For the multi-colored filters, the Instagram filters, and the Snapchat filters. And then go through and count up those as well, and figure out what percentage comes from that new error category.

The conclusion of this process gives you an estimate of how worthwhile it might be to work on each of these different categories of errors.

For example, clearly in this example, a lot of the mistakes we made on blurry images, and quite a lot on were made on great cat images. And so the outcome of this analysis is not that you must work on blurry images. This doesn't give you a rigid mathematical formula that tells you what to do, but it gives you a sense of the best options to pursue.

It also tells you, for example, that no matter how much better you do on dog images, or on Instagram images. You at most improve performance by maybe 8%, or 12%, in these examples. Whereas you can to better on great cat images, or blurry images, the potential improvement.

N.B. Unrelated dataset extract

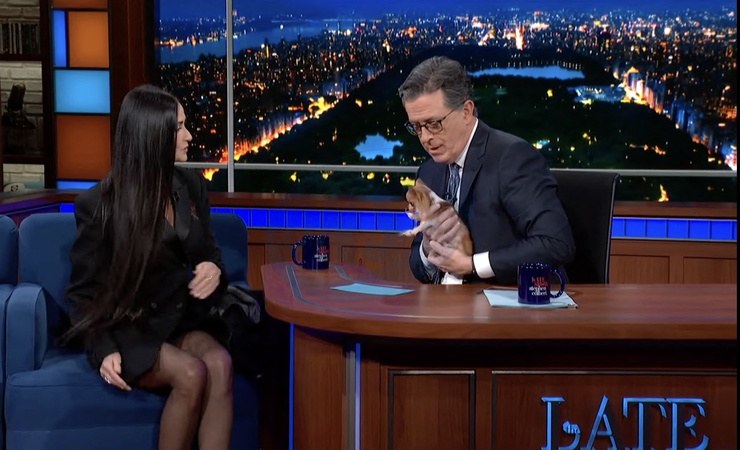 Demi Moore montre son minuscule animal de compagnie son Chihuahua au The Late Show
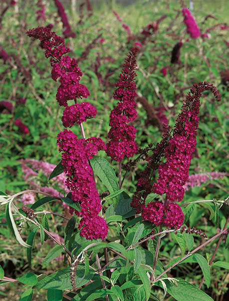 Fragrant, rich purple-red flowers on up to 20” long panicles.

Now there's a ceiling in terms of how much you could improve performance, is much higher. So depending on how many ideas you have for improving performance on great cats, on blurry images.

Maybe you could pick one of the two, or if you have enough personnel on your team, maybe you can have two different teams. Have one work on improving errors on great cats, and a different team work on improving errors on blurry images.

But this quick counting procedure, which you can often do in, at most, small numbers of hours. Can really help you make much better prioritization decisions, and understand how promising different approaches are to work on.